» Extracted entries
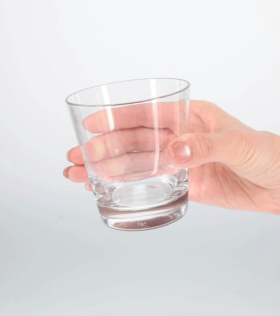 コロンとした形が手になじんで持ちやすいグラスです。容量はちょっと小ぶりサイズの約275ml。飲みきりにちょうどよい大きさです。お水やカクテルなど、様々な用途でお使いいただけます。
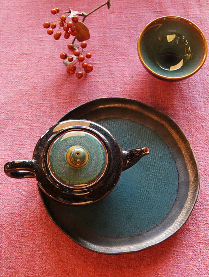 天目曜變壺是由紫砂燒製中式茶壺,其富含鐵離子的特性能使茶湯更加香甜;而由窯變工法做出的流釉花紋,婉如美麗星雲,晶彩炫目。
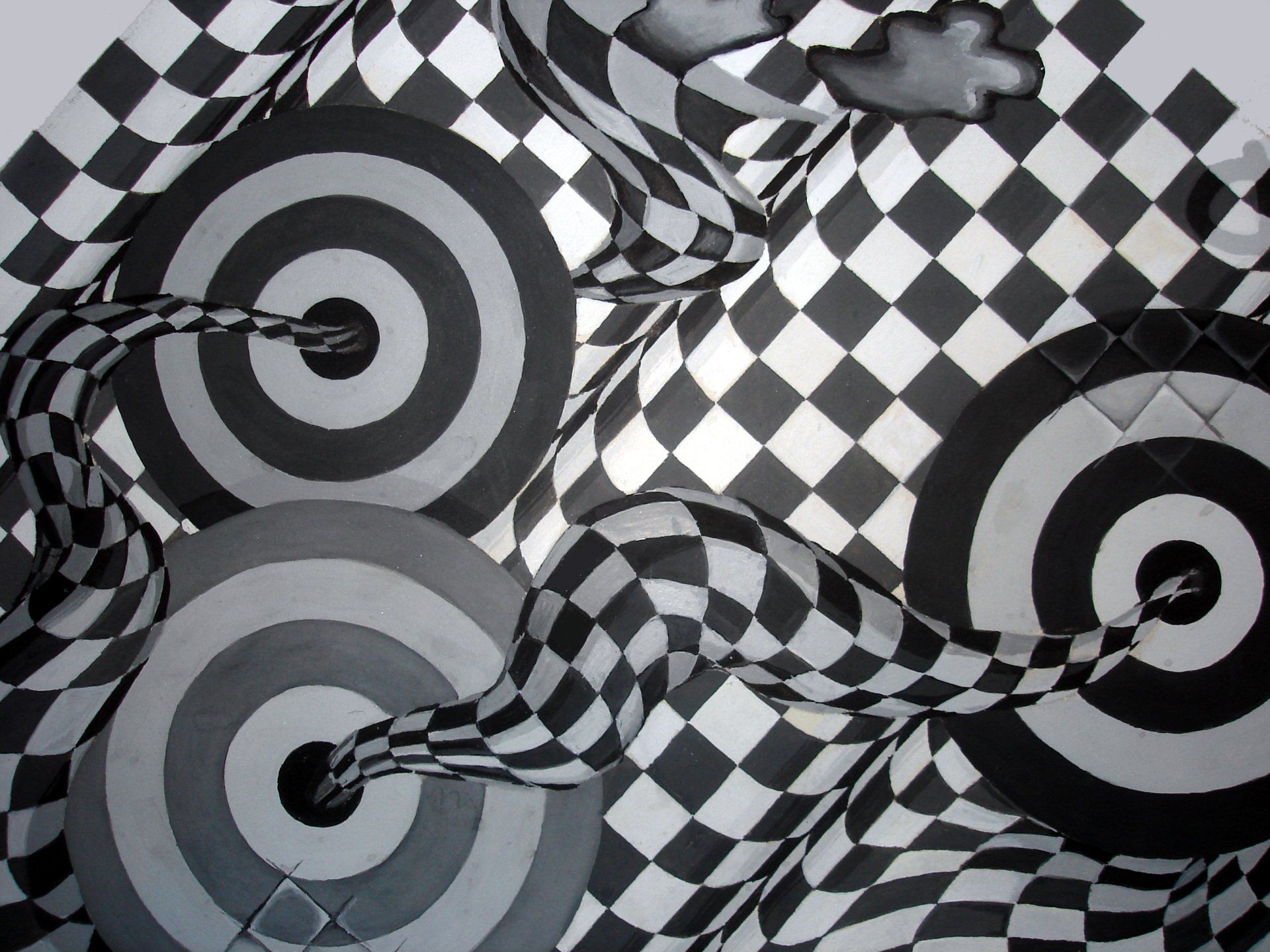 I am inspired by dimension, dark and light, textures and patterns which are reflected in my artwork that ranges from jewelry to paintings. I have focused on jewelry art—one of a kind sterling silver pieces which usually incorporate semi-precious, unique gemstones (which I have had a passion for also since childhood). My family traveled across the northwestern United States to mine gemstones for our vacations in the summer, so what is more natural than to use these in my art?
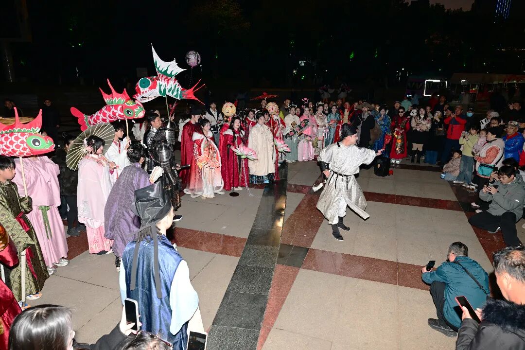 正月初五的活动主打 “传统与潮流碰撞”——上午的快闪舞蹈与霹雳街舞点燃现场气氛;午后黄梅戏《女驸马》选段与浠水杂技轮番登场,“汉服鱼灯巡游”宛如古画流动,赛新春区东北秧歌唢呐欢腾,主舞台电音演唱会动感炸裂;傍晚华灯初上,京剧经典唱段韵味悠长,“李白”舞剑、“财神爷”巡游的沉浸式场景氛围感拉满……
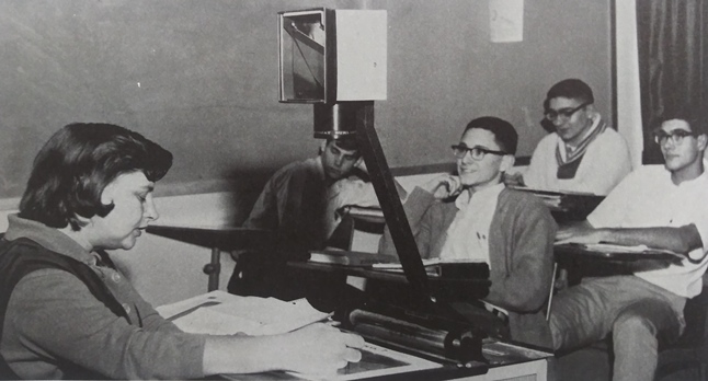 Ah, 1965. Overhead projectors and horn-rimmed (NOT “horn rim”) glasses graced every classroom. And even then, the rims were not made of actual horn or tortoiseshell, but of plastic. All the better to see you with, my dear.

--

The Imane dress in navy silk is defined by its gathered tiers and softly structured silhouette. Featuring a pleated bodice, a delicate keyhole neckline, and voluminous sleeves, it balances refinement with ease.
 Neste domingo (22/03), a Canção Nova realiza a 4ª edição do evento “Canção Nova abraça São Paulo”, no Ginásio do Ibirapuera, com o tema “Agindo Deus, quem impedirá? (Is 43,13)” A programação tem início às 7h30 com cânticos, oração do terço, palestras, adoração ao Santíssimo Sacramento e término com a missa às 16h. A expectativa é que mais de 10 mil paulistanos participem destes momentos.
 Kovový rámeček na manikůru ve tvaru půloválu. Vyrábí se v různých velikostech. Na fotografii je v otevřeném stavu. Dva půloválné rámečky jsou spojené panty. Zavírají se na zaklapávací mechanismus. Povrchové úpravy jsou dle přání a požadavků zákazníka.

...

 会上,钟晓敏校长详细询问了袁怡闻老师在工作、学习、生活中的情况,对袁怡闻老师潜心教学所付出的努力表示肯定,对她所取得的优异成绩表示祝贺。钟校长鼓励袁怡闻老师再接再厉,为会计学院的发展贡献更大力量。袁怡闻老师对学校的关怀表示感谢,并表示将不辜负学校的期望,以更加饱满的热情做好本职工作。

» Your task
Only the lines above from the one with "コロンとした形が手になじんで" to the one with "Ah, 1965. Overhead" should be printed, both included and exactly as written; no picture belongs in the copy.

» The completed task
 コロンとした形が手になじんで持ちやすいグラスです。容量はちょっと小ぶりサイズの約275ml。飲みきりにちょうどよい大きさです。お水やカクテルなど、様々な用途でお使いいただけます。
 天目曜變壺是由紫砂燒製中式茶壺,其富含鐵離子的特性能使茶湯更加香甜;而由窯變工法做出的流釉花紋,婉如美麗星雲,晶彩炫目。
 I am inspired by dimension, dark and light, textures and patterns which are reflected in my artwork that ranges from jewelry to paintings. I have focused on jewelry art—one of a kind sterling silver pieces which usually incorporate semi-precious, unique gemstones (which I have had a passion for also since childhood). My family traveled across the northwestern United States to mine gemstones for our vacations in the summer, so what is more natural than to use these in my art?
 正月初五的活动主打 “传统与潮流碰撞”——上午的快闪舞蹈与霹雳街舞点燃现场气氛;午后黄梅戏《女驸马》选段与浠水杂技轮番登场,“汉服鱼灯巡游”宛如古画流动,赛新春区东北秧歌唢呐欢腾,主舞台电音演唱会动感炸裂;傍晚华灯初上,京剧经典唱段韵味悠长,“李白”舞剑、“财神爷”巡游的沉浸式场景氛围感拉满……
 Ah, 1965. Overhead projectors and horn-rimmed (NOT “horn rim”) glasses graced every classroom. And even then, the rims were not made of actual horn or tortoiseshell, but of plastic. All the better to see you with, my dear.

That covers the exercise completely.